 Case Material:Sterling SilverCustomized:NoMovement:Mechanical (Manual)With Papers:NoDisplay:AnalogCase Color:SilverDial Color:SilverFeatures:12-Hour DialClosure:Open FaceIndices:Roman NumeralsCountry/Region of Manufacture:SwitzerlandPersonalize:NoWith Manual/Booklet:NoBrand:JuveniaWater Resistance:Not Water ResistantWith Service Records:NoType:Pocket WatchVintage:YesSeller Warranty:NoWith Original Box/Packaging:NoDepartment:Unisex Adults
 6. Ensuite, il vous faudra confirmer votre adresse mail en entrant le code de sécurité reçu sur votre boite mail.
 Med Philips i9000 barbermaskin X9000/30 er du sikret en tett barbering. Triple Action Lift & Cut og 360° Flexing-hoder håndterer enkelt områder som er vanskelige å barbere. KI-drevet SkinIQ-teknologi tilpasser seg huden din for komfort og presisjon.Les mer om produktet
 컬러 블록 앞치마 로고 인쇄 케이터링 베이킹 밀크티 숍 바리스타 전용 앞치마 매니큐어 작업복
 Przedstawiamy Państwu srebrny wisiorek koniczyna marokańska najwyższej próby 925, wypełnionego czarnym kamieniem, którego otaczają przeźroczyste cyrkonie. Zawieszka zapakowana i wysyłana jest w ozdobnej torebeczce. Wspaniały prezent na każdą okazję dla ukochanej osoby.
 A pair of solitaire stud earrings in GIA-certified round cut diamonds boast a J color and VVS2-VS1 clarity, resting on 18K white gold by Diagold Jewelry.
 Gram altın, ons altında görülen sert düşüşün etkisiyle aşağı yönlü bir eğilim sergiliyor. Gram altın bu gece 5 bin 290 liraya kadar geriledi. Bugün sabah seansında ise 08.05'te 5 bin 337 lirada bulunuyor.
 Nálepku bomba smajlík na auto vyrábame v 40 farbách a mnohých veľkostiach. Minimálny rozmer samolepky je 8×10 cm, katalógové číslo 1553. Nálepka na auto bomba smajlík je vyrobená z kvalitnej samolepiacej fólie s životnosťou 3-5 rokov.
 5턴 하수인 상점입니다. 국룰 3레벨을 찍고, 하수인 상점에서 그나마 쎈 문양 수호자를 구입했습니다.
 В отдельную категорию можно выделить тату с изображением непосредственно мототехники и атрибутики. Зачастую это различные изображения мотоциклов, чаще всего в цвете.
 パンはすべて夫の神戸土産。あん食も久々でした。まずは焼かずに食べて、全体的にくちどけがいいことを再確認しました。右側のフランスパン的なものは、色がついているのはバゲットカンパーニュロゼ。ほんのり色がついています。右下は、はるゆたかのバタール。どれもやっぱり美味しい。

= = = =

## WHAT NEEDS TO BE DONE
Give back the lines of the listing from the one with "Nálepku bomba smajlík" through the end, both included, exactly as written and with nothing added.

## FINAL ANSWER
 Nálepku bomba smajlík na auto vyrábame v 40 farbách a mnohých veľkostiach. Minimálny rozmer samolepky je 8×10 cm, katalógové číslo 1553. Nálepka na auto bomba smajlík je vyrobená z kvalitnej samolepiacej fólie s životnosťou 3-5 rokov.
 5턴 하수인 상점입니다. 국룰 3레벨을 찍고, 하수인 상점에서 그나마 쎈 문양 수호자를 구입했습니다.
 В отдельную категорию можно выделить тату с изображением непосредственно мототехники и атрибутики. Зачастую это различные изображения мотоциклов, чаще всего в цвете.
 パンはすべて夫の神戸土産。あん食も久々でした。まずは焼かずに食べて、全体的にくちどけがいいことを再確認しました。右側のフランスパン的なものは、色がついているのはバゲットカンパーニュロゼ。ほんのり色がついています。右下は、はるゆたかのバタール。どれもやっぱり美味しい。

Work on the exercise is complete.